在第四个模块中，我们讲解绝对和条件收敛、交错级数和交错级数审敛法，以及极限比较审敛法。简而言之，此模块分析含有一些负项和一些正项的级数的收敛性。截至目前为止，我们已经分析了含有非负项的级数；如果项非负，确定敛散性会更为简单，因此在本模块中，分析同时含有负项和正项的级数，肯定会带来一些新的难题。从某种意义上，此模块是“它是否收敛？”的终结。在最后两个模块中，我们将讲解幂级数和泰勒级数。这最后两个课题将让我们离开仅仅是敛散性的问题，因此如果你渴望新知识，请继续学习！

- Jim Fowler, PhDProfessor

Mathematics

The comparison test again.

[MUSIC]

Well here's something that happens.

Well maybe you're analyzing a couple series and

the first thing that you do is try to apply the limit test and

you find that in both cases the limit of the nth term is 0.

So at least these series aren't diverging for

an obvious reason like the limit of the nth term is non zero.

So you've got two series that may or may not converge.

But even though the limit of a sub n is 0 and the limit of b sub n is 0,

it could be that the limit as n goes to infinity of a sub n over b sub

n might be some number L which is positive.

What does that really mean?

Well, one way to think about that is that it's sort of saying something like this.

It's saying that a sub n, b sub n, are almost multiples of each other

like a sub n is almost a multiple of b sub n at least when n is really big.

I can be more precise with epsilons.

So let's set epsilon equal to L in this case.

Epsilon is going to be a positive number, but

I'm assuming that my limit L is positive.

So let's set epsilon equal to L.

Then the definition of limit says what?

It says that there's some big N so that whenever little n is greater than or

equal to big N, the distance between the thing I'm taking the limit of:

a sub n over b sub n, and my limit L, is less than epsilon.

And in this case, epsilon is L.

Now, that lets me compare a sub n, and b sub n.

Well, how so?

Let me make this assumption that the a sub ns and the b sub ns are non-negative.

I'm going to want that because I want to put the comparison test in a moment.

Then I can simplify this a bit.

Instead of making this claim, I can just get rid of the absolute value bar and

it's still true, right.

a sub n over b sub n minus L is less than L,

you can add L to both sides of that inequality.

And I get this that a sub n over b sub n is less than 2 L.

And now I can multiply both sides by b sub n and that's okay because

b sub n is not negative so it doesn't change the direction of this inequality.

And that tells me that this is for

the large values of little n, a sub n is less than 2 L b sub n.

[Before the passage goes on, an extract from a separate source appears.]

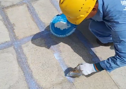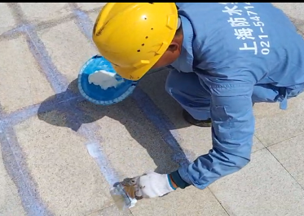 第二步:在瓷砖缝处涂刷浓缩厚质型涂料。刚开始涂刷时涂料是乳白色,干后透明色,涂刷第2或3遍时,一定要待前道涂膜干透现透明色时才能施工,也可大面积刮涂或刷涂施工。

Now all these pieces are really setting up a comparison test.

How's that going to work?

I got to remember this is only true for the large N but that's OK.

Well suppose that I knew that this series,

the sum of little n goes from 1 to infinity of b sub n converged.

Well then I would know that this series,

the sum little n goes from 1 to infinity if 2L b sub n also converges, right?

I can multiply convergence series just by some number.

But now I'm in a position to apply the comparison test.

Granted this statement is only true for large values of little n but

that's okay, right, because convergence only depends on the tail.

So this statement then implies that this series,

the sum of the a sub n's, converges, because this is bigger than a sub n.

I mean, at least for large values of little n.

So I'm getting a theorem that's telling me if I've got two series

of non-negative terms, and this series converges, then this series converges.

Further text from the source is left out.